4. FADING OF CONCEPTUAL BELIEFS IN SOCIAL CONCEPTS

Even given the above argument about the acquisition, pervasiveness, and importance of conceptual beliefs, we must also clarify that it is possible for the strength to which the beliefs were held and conveyed meaning to individuals and groups to diminish over time. Members of religious groups are known to share norms, rules about what is moral and immoral, and expectations that most of them may have learned during childhood. For example, in Western countries, teachings within Christianity about a blessed future may have been so powerful that some people chose to adhere to the norms and rules even if they had to accept monetary losses and other deprivations. And perhaps more powerful than that, some believers seem to have been driven by a different motive grounded in what they understood as a deeper truth, for example, doing works of charity. Other religions include comparable conceptual beliefs reflected in their teachings and recommendations for how to live and be in relationships with others. Nevertheless, a person's conceptual beliefs may change over his or her lifetime because as people age, they may attribute different meanings to the same words or concepts (Knäuper et al., 2016).

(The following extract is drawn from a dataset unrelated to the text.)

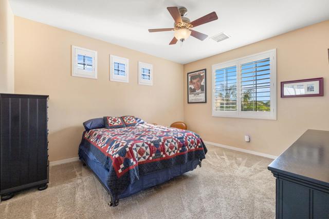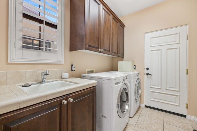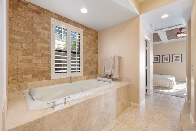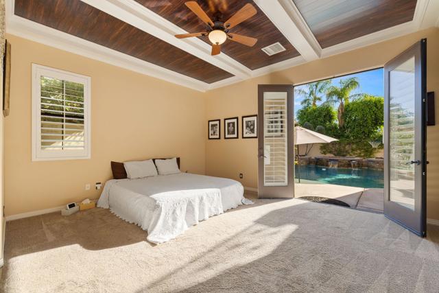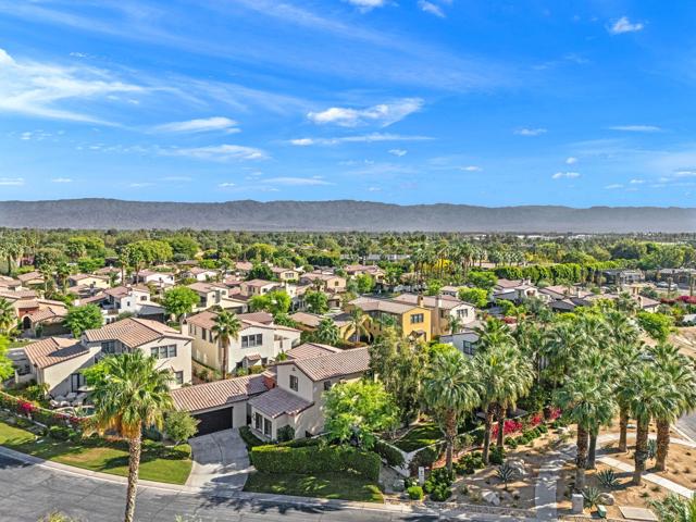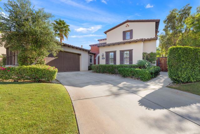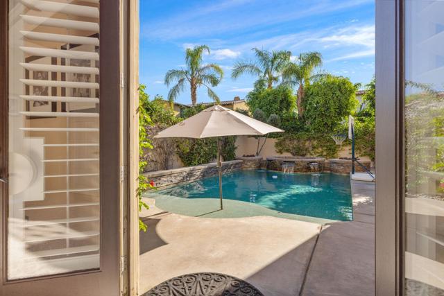 Welcome to one of the most distinctive homes in the prestigious gated community of La Cantera--where timeless design meets elevated desert living. Thoughtfully customized from top to bottom, this residence showcases rich wood-planked ceilings, striking brick fireplace accents, and curated built-ins that add both warmth and character throughout.Designed for both everyday comfort and memorable entertaining, the home features a formal dining room, stylish wet bar, and plantation shutters that complement the refined interior aesthetic. The chef's kitchen is a true showpiece, appointed with premium Thermador stainless steel appliances, generous prep space, and seamless flow into the main living areas.The highly desirable floorplan offers two bedrooms on the main level, including a stunning primary retreat that feels like a private sanctuary. Upstairs, you'll find two additional bedrooms and a spacious loft, along with double French doors that open to a breathtaking balcony--perfect for soaking in sweeping southwest mountain views. Step outside to your own private resort-style backyard, where a large covered patio overlooks a beautifully designed pool with an oversized Baja shelf, spa with dual fire features, and a fully equipped outdoor kitchen. Lush landscaping and mature fruit trees complete this serene outdoor escape, creating a setting that is as inviting as it is unforgettable. Residents of La Cantera enjoy a private, gated setting known for its tranquil streets, scenic surroundings, and pride of ownership. Ideally situated in the heart of La Quinta, this home offers convenient access to world-class golf at nearby courses within PGA West, upscale shopping and dining at Old Town La Quinta, and endless outdoor recreation including hiking, biking, and nearby equestrian trails. Whether you're seeking a full-time residence or a luxurious desert retreat, this location truly captures the best of the Coachella Valley lifestyle.
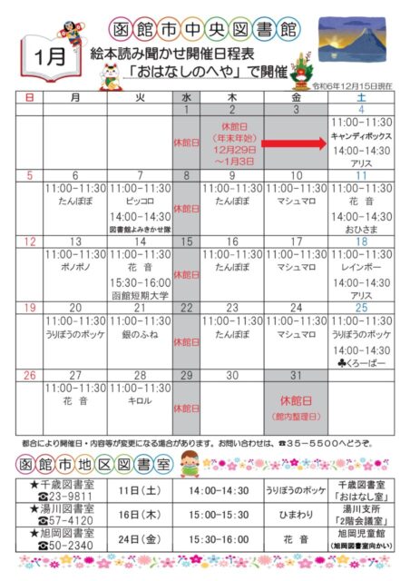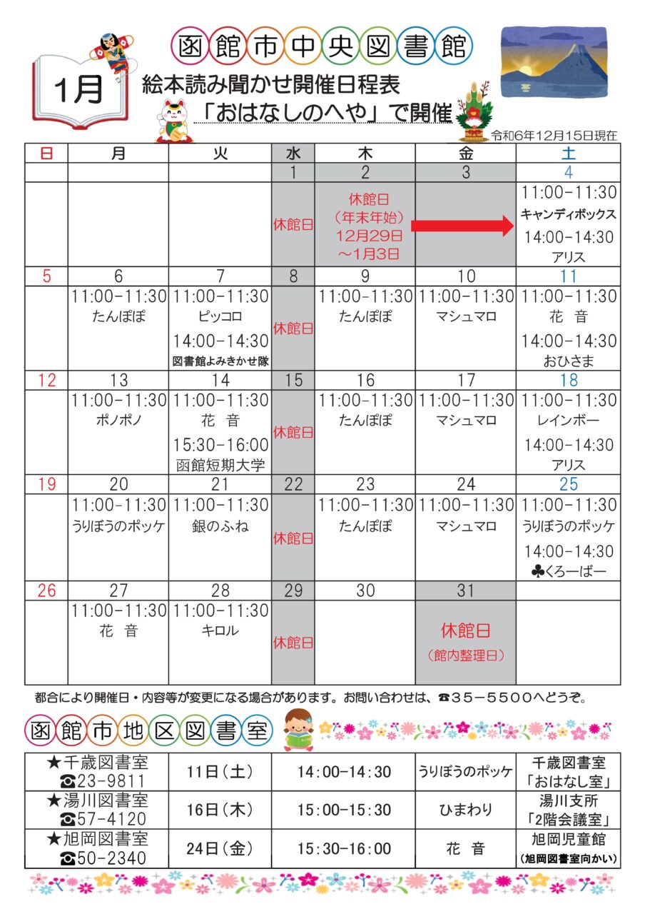 【函館市中央図書館】2025年1月の絵本読み聞かせ日程 イベント 2024.12.16 2025年1月4日(土)~2025年1月28日(火) 開催場所 函館市中央図書館・千歳図書室・湯川図書室・旭岡図書室 函館市中央図書館、函館市地区図書室の2025年1月の絵本読み聞かせ開催日程です♪ 時間 カレンダーをご確認ください。 ※都合により開催日・内容などが変更になる場合があります。 2025年もままっち!にて毎月お知らせしますのでどうぞよろしくお願いします✨ ※このイベントは終了しました※

Conceptual beliefs of the kind described here, including promises of a future state of affairs, can be expected to lose their credibility as soon as competing claims are made by other faith groups and are appraised as more salient (Sharot et al., 2023). Due to a reduced strength of such beliefs and an associated loss of social coherence, faith communities may be in danger of dissolving. This has been happening with increased frequency in Christian churches in Western Europe and North America in recent years. Nevertheless, the development of an interior life or practice of prayer may still be serving as psychological “capital” for increased resilience and coping in, for example, the Christian‐orthodox refugees from the war in Ukraine (Oviedo et al., 2022). Meanwhile, believing that the future will provide a world in which all people live together in peace or that humans will succeed in reconciling a strong economy and a sustainable ecology seems to weaken. In addition, contrary beliefs in the benefit or harm of the development of artificial intelligence are apparent.

5. SEMANTIC CODING OF CONCEPTUAL BELIEFS

Figure 1 schematically illustrates that people may become consciously aware of what they believe. They can thereby express what they believe from a first‐person perspective in statements starting with “I believe …” (Oakley & Halligan, 2017). Empirical evidence suggests that people use “believe” preferentially in religious or political contexts but say “think” in confidence statements about facts (Heiphetz et al., 2021). This distinction corresponds to the difference between the affective involvement in believing in contrast to the more emotionally detached aspects of what one thinks about facts (van Leeuwen et al., 2021). Statements about beliefs may predominantly be dichotomic, because someone can either share a belief with another person (and state “I believe that …”) or disagree with the other person (and state “I do not believe that …”). The dichotomic character of belief statements appears to manifest because humans’ sensory systems and experiences of their environment are similar, so that their first‐person descriptions of their environment are also similar. Analogously, the probabilistic nature of conceptual beliefs corresponds to the implied or actual character of their claims or ideas about the future in a graded fashion because they are matters of degree, even though they may be expressed in categorical, binary terms (Dietrich & List, 2018). Importantly, when a person says: “I know” or “I know that …,” they are saying something very different from “I believe that ….” The expression “I know” does not relate to abstract knowledge, as illustrated in algebraic expressions (e.g., 3 + 5 = 8). The expression “I know” appears to reflect a person's momentary subjective conscious awareness. The probability of error in such statements may increase over time, however, because of the longer time interval between encoding and retrieval of information from memory. In accord with the notion that consciousness is related to the magnitude of information processing in the brain (Greenfield & Collins, 2005), it has been shown that awareness occurs when the amount information reaches a threshold of detectability and becomes available for active processing by the individual (Sonnberger et al., 2023).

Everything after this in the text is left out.